(Beginning of Material for this exercise)

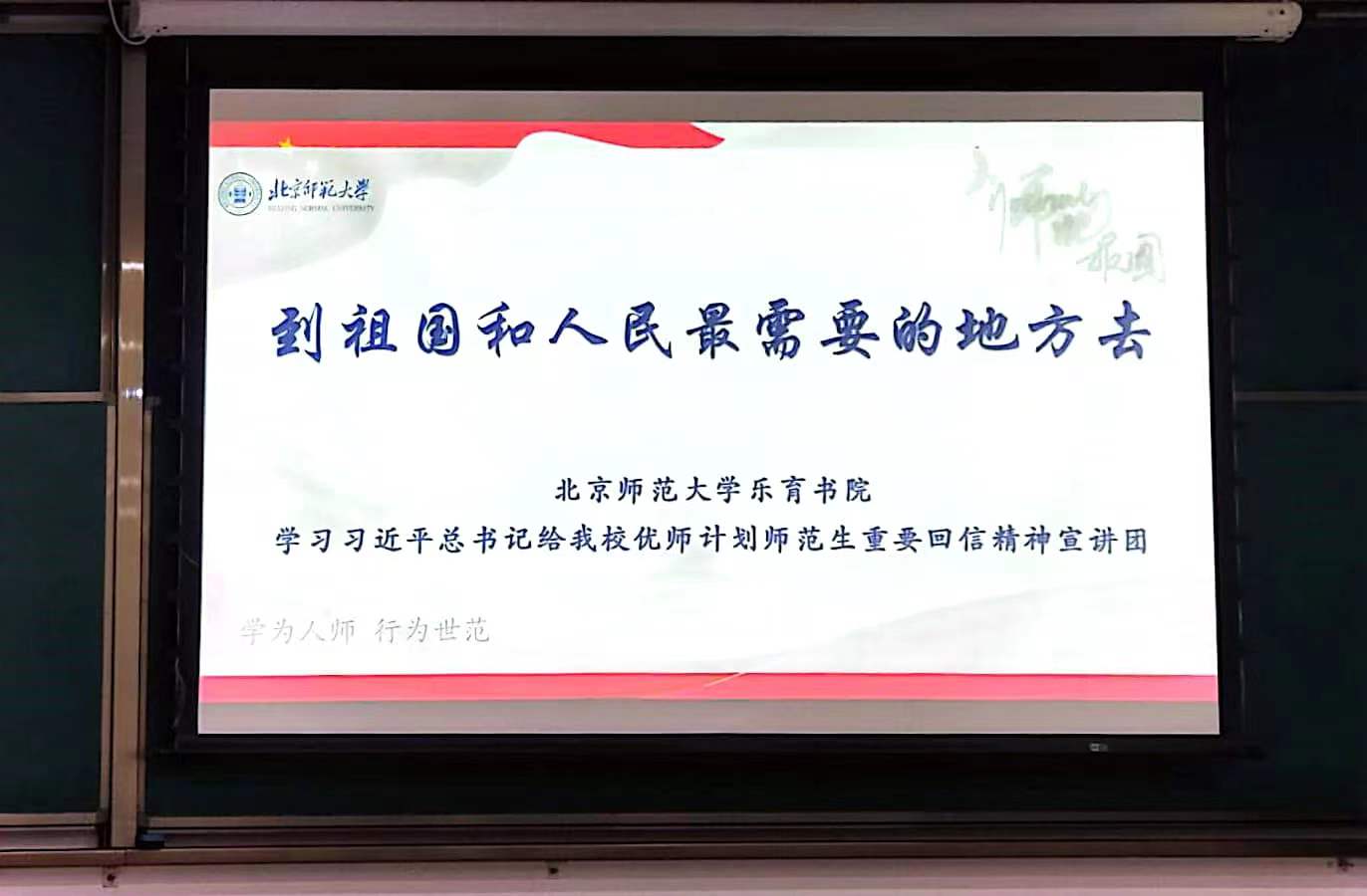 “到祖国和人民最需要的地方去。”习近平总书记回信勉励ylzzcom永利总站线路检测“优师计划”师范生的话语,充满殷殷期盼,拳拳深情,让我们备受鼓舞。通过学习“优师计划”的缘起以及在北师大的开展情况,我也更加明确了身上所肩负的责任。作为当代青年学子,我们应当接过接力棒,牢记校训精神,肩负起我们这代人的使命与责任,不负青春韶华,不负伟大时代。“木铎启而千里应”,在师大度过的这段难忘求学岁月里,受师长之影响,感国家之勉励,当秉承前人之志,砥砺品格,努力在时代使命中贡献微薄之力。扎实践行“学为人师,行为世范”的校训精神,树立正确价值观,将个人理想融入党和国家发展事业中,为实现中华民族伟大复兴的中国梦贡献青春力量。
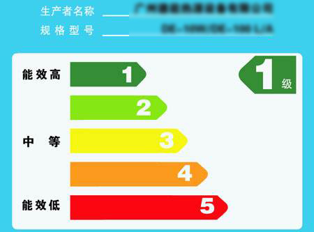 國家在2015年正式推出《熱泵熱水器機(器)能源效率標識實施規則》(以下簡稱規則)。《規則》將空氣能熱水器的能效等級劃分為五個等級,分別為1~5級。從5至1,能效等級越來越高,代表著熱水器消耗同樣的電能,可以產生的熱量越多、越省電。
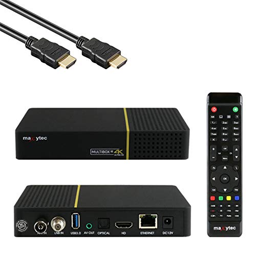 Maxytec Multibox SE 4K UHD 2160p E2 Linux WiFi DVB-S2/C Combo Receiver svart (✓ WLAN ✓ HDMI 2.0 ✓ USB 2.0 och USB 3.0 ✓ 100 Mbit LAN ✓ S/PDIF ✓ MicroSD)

(End of Material for this exercise)
(Beginning of Material for this exercise)

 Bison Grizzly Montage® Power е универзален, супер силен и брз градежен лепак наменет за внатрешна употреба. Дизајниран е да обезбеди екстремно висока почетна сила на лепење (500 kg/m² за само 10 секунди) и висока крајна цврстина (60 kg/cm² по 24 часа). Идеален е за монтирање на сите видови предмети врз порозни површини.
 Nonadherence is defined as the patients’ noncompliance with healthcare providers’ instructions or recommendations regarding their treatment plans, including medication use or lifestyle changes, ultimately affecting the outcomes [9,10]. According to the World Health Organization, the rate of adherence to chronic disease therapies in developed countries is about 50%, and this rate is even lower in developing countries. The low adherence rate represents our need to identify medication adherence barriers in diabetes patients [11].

(End of Material for this exercise)
(Beginning of Material for this exercise)

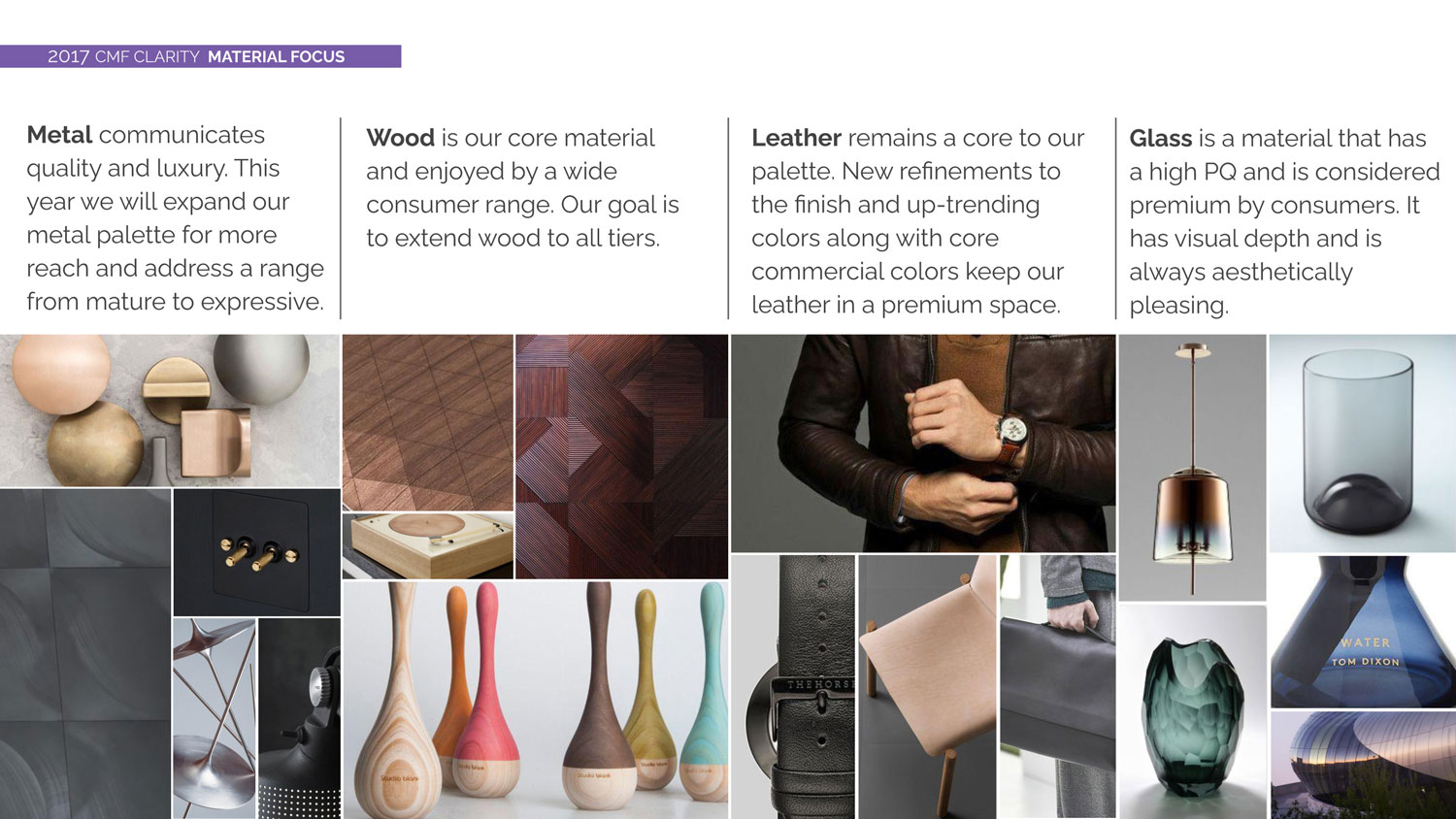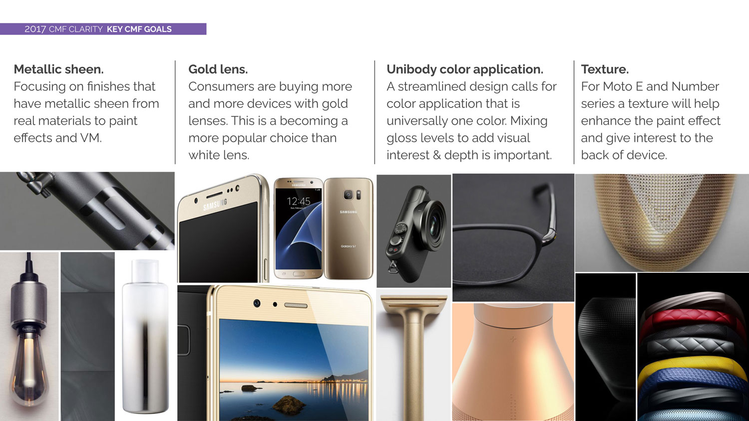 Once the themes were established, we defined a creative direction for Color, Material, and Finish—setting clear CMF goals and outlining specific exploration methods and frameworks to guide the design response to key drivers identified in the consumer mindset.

(End of Material for this exercise)

**Exercise instructions**
Copy range, inclusive: the line holding "Bison Grizzly Montage®" to the line holding "Nonadherence is defined". Reproduce exactly those lines of the records above and no others.

**Exercise answer**
 Bison Grizzly Montage® Power е универзален, супер силен и брз градежен лепак наменет за внатрешна употреба. Дизајниран е да обезбеди екстремно висока почетна сила на лепење (500 kg/m² за само 10 секунди) и висока крајна цврстина (60 kg/cm² по 24 часа). Идеален е за монтирање на сите видови предмети врз порозни површини.
 Nonadherence is defined as the patients’ noncompliance with healthcare providers’ instructions or recommendations regarding their treatment plans, including medication use or lifestyle changes, ultimately affecting the outcomes [9,10]. According to the World Health Organization, the rate of adherence to chronic disease therapies in developed countries is about 50%, and this rate is even lower in developing countries. The low adherence rate represents our need to identify medication adherence barriers in diabetes patients [11].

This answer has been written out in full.